Офицер устало хлопнул себя ладонью по лбу.
– Ох, опять рюсские-е… Найн, почему ми тут должны знать фаш фарфарский язык, а вы не можете хоть щють-щють виучить нормальный немецкий?!
– Потому что мы вас в сорок пятом победили.
– Нихт ферштанден?
– На Чудском озере, – поправился я.
Немец покивал головой и скорбно снял шляпу. Все солдаты, опустив ружья, обнажили головы. Видимо, дедушки и прадедушки в Тевтонском ордене были у многих.
Я гордо выпятил грудь, будто лично участвовал в памятном разгроме крестоносцев, но офицер вновь нахлобучил треуголку на голову и объявил:
– Ви есть арестованы!
– За что?
– За переход границы без документ.
– У нас есть грамоты царя Гороха, короля Вильгельма, а также личное приглашение на Рождество от посла Кнута Гамсуновича Шпицрутенберга.

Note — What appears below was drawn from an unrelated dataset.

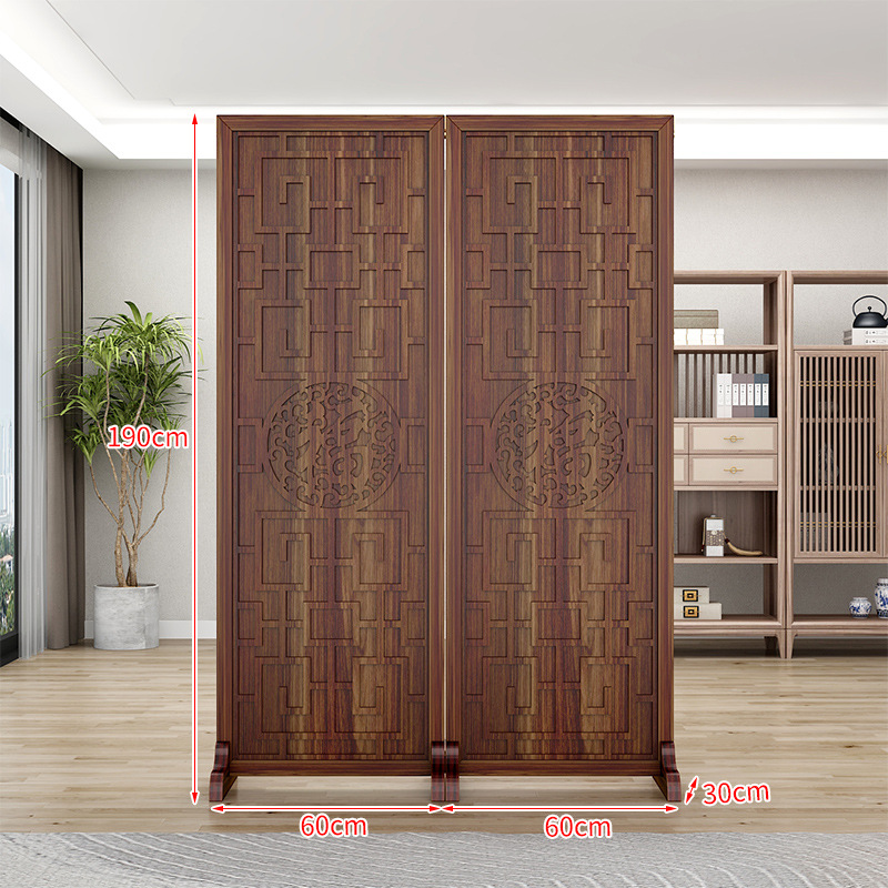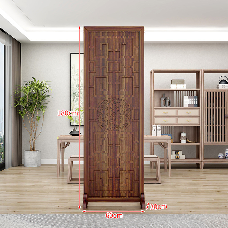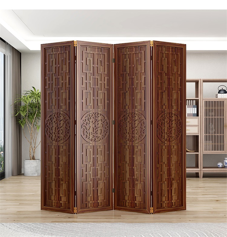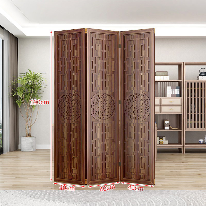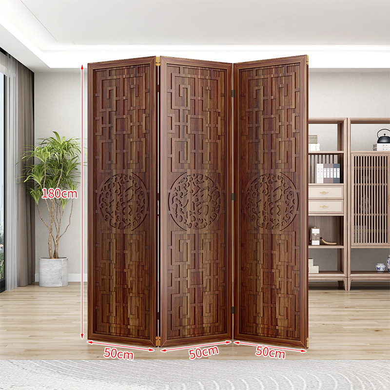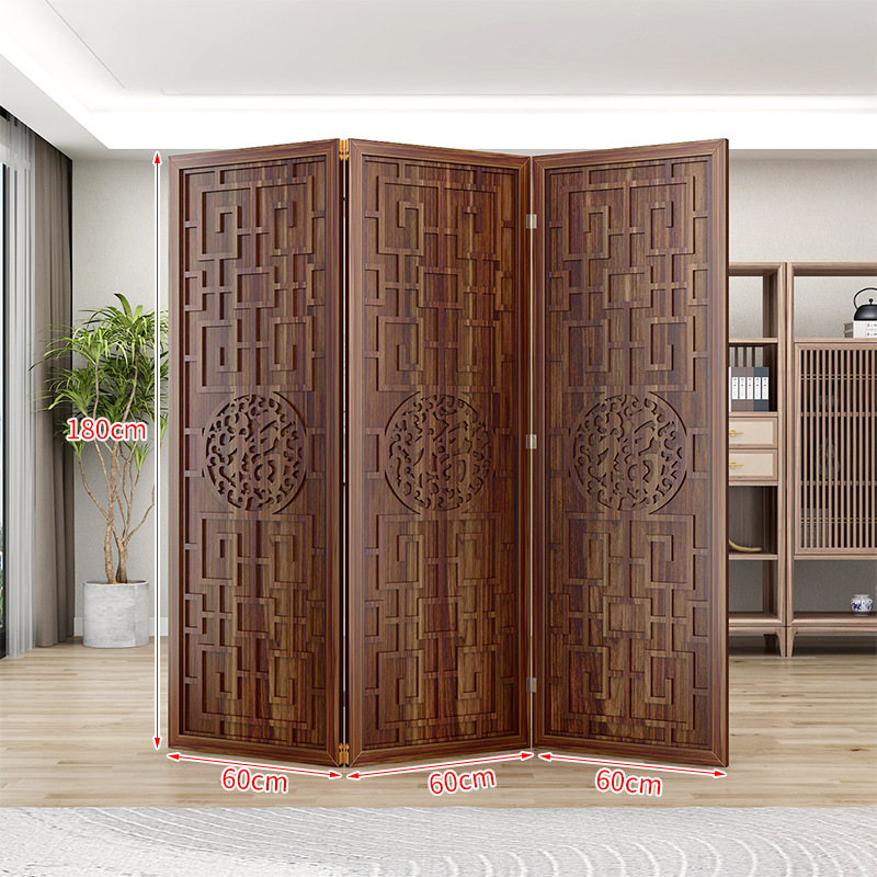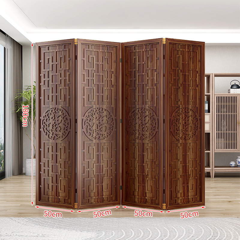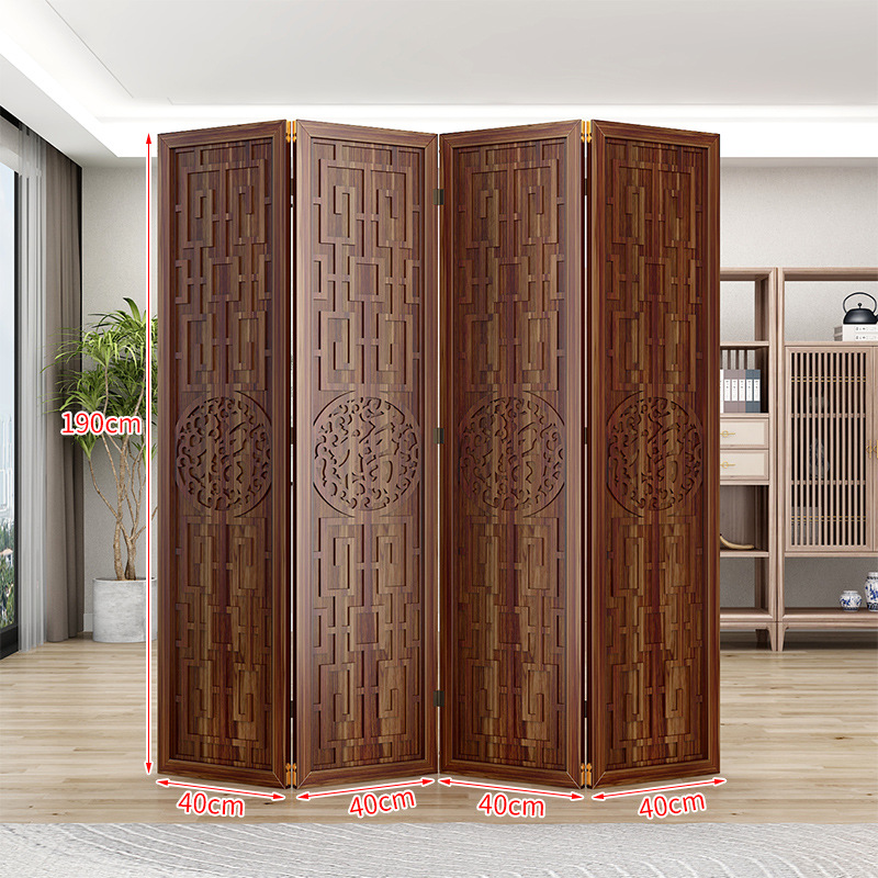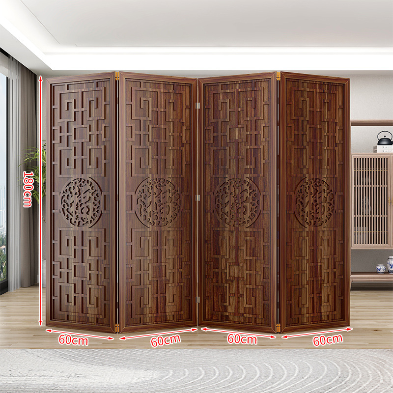 새로운 중국 스타일의 나무 화면 파티션 거실 사무실 복도 접이식 화면 현대 간단한 그릴 푸 캐릭터 장식 시트 화면

– А документ на транспорт?
– Это избушка!
– Хаус? А технический документ, а проверка состояний, а допустимый скорость на шоссе, а…
– Может, ещё аптечка и запаска? – на свою голову съязвил я.
– Я, я, натюрлих, – даже обрадовался он, кивая подчинённым. – И ещё фы нанесли нам глубокий психологический травматизм, напоминайт про Чудско озеро-о…
Мамой прокуратурой клянусь, четверо солдат при этих словах вытерли скупые слёзы. Я стиснул зубы, чтобы не сболтнуть ещё чего-нибудь, и так наговорил по полной. В этот момент из-за двери высунулась заспанная Митина физиономия.
– Чечилось, Никт Ваныч?
– Немецкие пограничники, кажется, нас арестовывают. Бабу-ягу разбуди, пожалуйста.
– Не-а, – с хрустом потянулся он. – Бабуленьке ежели не вовремя сон перебить, так она и костяной ногой по хребту дать может. Я уж огребал пару раз, так что теперича извольте будить сами.
– Исполнять приказ, младший сотрудн…
– А я покуда с немцами потолкую, может, не всё так печальственно. – Не слушая меня, Митька спрыгнул вниз.